写真にはないが、ゴール裏にはおなじみの「JT キャプテン、リーダー、レジェンド」幕とか「スーパー・フランキー・ランパード」幕とかも、それなりの大きさに切り取って貼っていった。

そのうえで、客席にお客さんが密集して座っている画像を縮小印刷して貼り込もうと思ったわけである。

しかし、このあたりで「力尽きた」のである。

おそらくミリ単位で横断幕を切ったり貼ったりしているうちに2017年の正月休みも終わっていったのだろう。

少しはいろいろと試みたのである。スタンドの座席の枠組みのサイズを測り、客席の様子を捉えた画像をそれなりの縮小サイズにして並べ、画像編集ソフトで並べたりカットしたりして、それをプリントして貼り込んでいこうというプランだった。しかし、あまりに面倒くさくなってきたのである。
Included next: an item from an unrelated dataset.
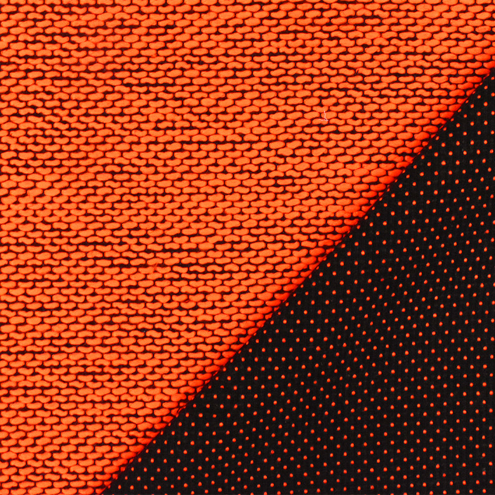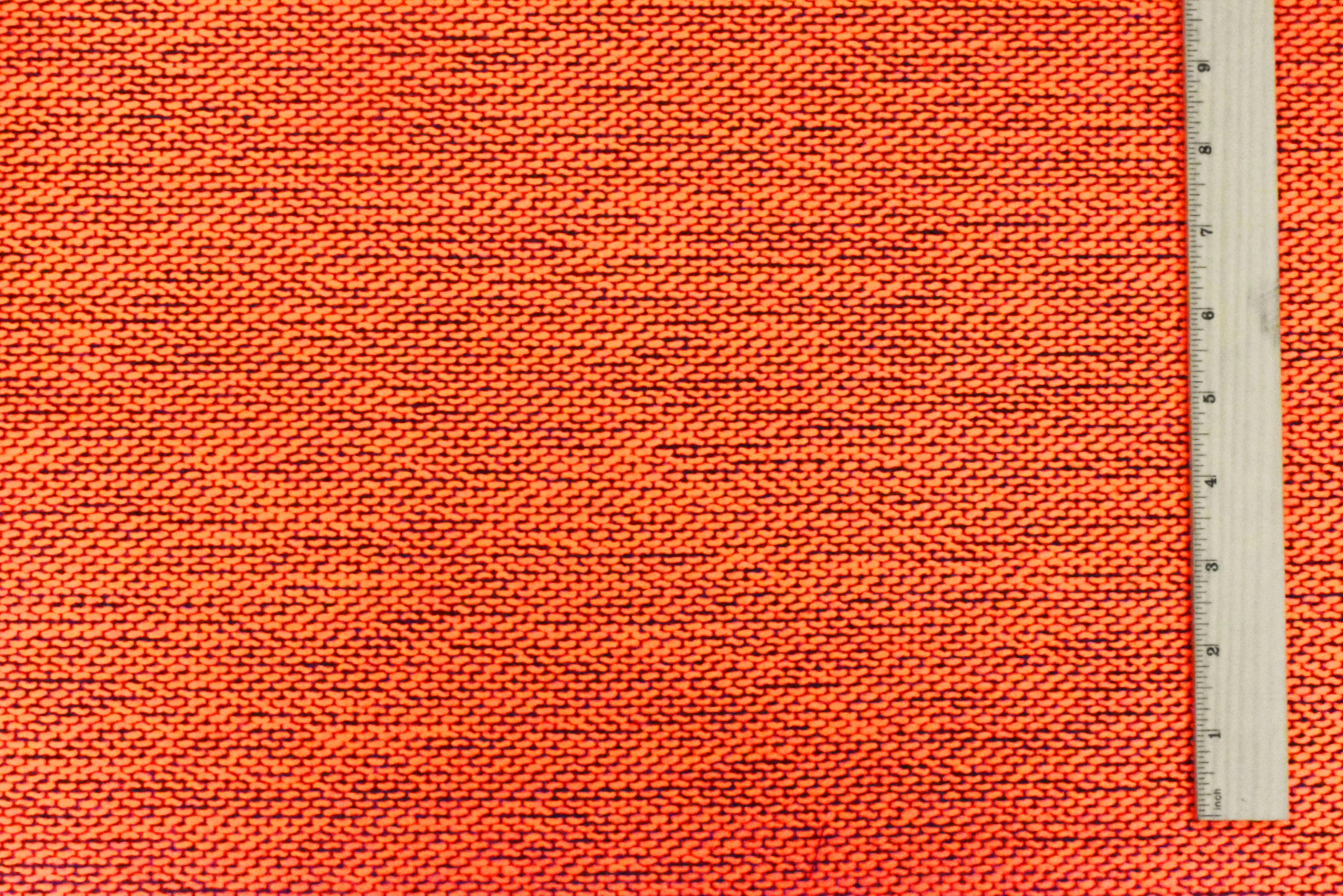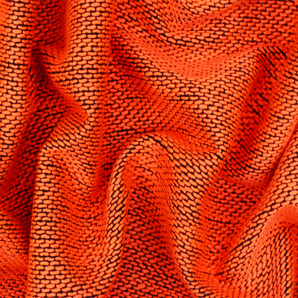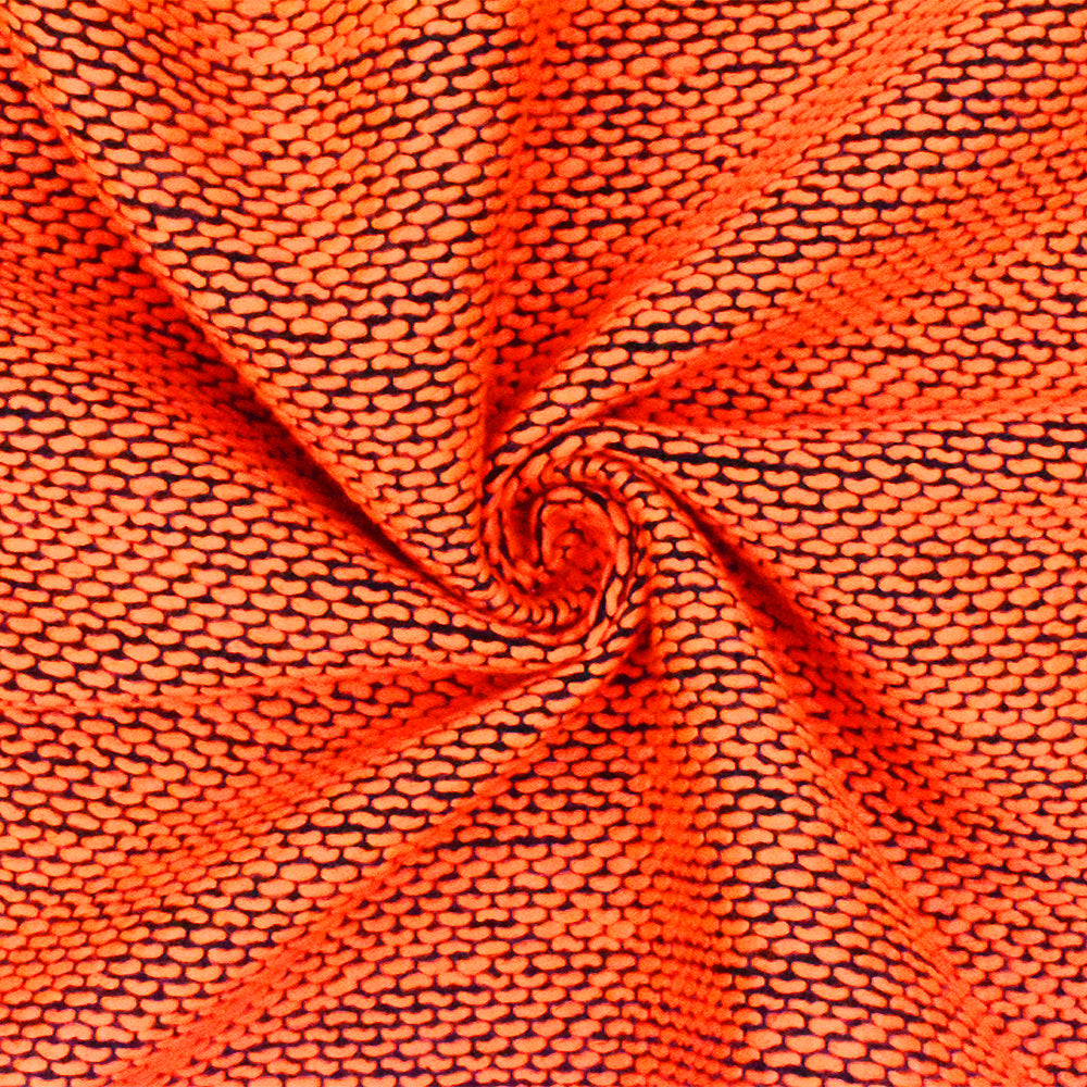 Neon Orange-Black Dotted Poly Woven Fabric

そういうわけで、この模型はこの未完成の状態のまま、2年ほど放置されていったのであった。(ブログでこの制作過程をアップしようとしていたので、上記のような写真だけはちゃんと撮っていた)

つまり、言い換えると、私はチェルシーFCのサポーターであることを喧伝しながらも、自宅の片隅では2シーズンちかくにわたり、ホームスタジアムを崩壊させたまま生活していたことになる。

やー、申し訳ない、ロンドン。

で、そんな状態のままチェルシーの監督はコンテからサッリになり、そうしてランパードへとバトンが引き継がれた。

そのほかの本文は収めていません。